DRM framebuffer memory corruption / presentation Optimus (idle system)

I am experiencing massive framebuffer memory corruption of content presented via Nvidia encoders (I am using Linux kernel language Kernel Mode Setting (KMS) — The Linux Kernel documentation)

20220605_160826

As evident from the photo, this is not a text console framebuffer, but the DRM framebuffer that goes through the Nvidia DRM connector.

This is a Dell Inspiron 16 7610, Tiger Lake-H, with Intel iGPU and Nvidia RTX 3060 dGPU, where the Nvidia GPU fully controls the encoders of the single USB-C output, for presenting on external screens (and where the Intel GPU is connected to the laptop display). Connected to USB-C output is a 4K screen via DisplayPort, and a 2.5K screen (making for a total of three connected, active screens).

This framebuffer corruption makes it very hard to actually use the external screen; this corruption appears and disappears at random times, in random sizes, and at random places on the screen connected to the Nvidia GPU.

This happens even on a largely idle system, i.e. X11 is running, with KDE, and I perform very light work with Firefox or Chrome. It also happens with “heavier” work, e.g. scrolling in text editors.

One peculiar way of provoking the problem is slowly moving a window of Visual Studio Code (which is a Chrome / Electron app with GPU acceleration) from the laptop screen towards the external screen; then wiggle a little bit.

This system is configured such that the Intel GPU is primary, while the Nvidia GPU is in the (default) PRIME offload configuration as shipped by rpmfusion for Fedora 36 (driver version 5.10; I will be updating to 5.15 once it becomes available).

I have attached the Nvidia bug report script output.
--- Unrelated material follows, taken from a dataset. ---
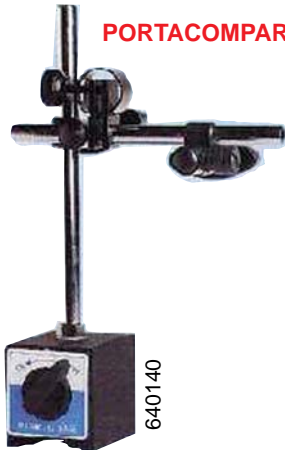
BASE MAGNETICA GMT PORTACOMPARATORI

In there, please note

  • the very aggressive X.org logging for maximum detail (nothing suggest erratic conditions, though)
  • no hacks or otherwise in configuration

It might be worthwhile pointing out that there is considerable screen real estate present: 3072 x 1920 on the laptop, 3840 x 2160 + 2560 x 1440 externally, all at 60 Hz.

From a naive point of view, it would appear as if the corruption is due to bad synchronization; I wouldn’t rule out that some kind of pressure exposes timing issues / CPU races / data races that wouldn’t otherwise be seen.

nvidia-bug-report.log.gz (1.3 MB)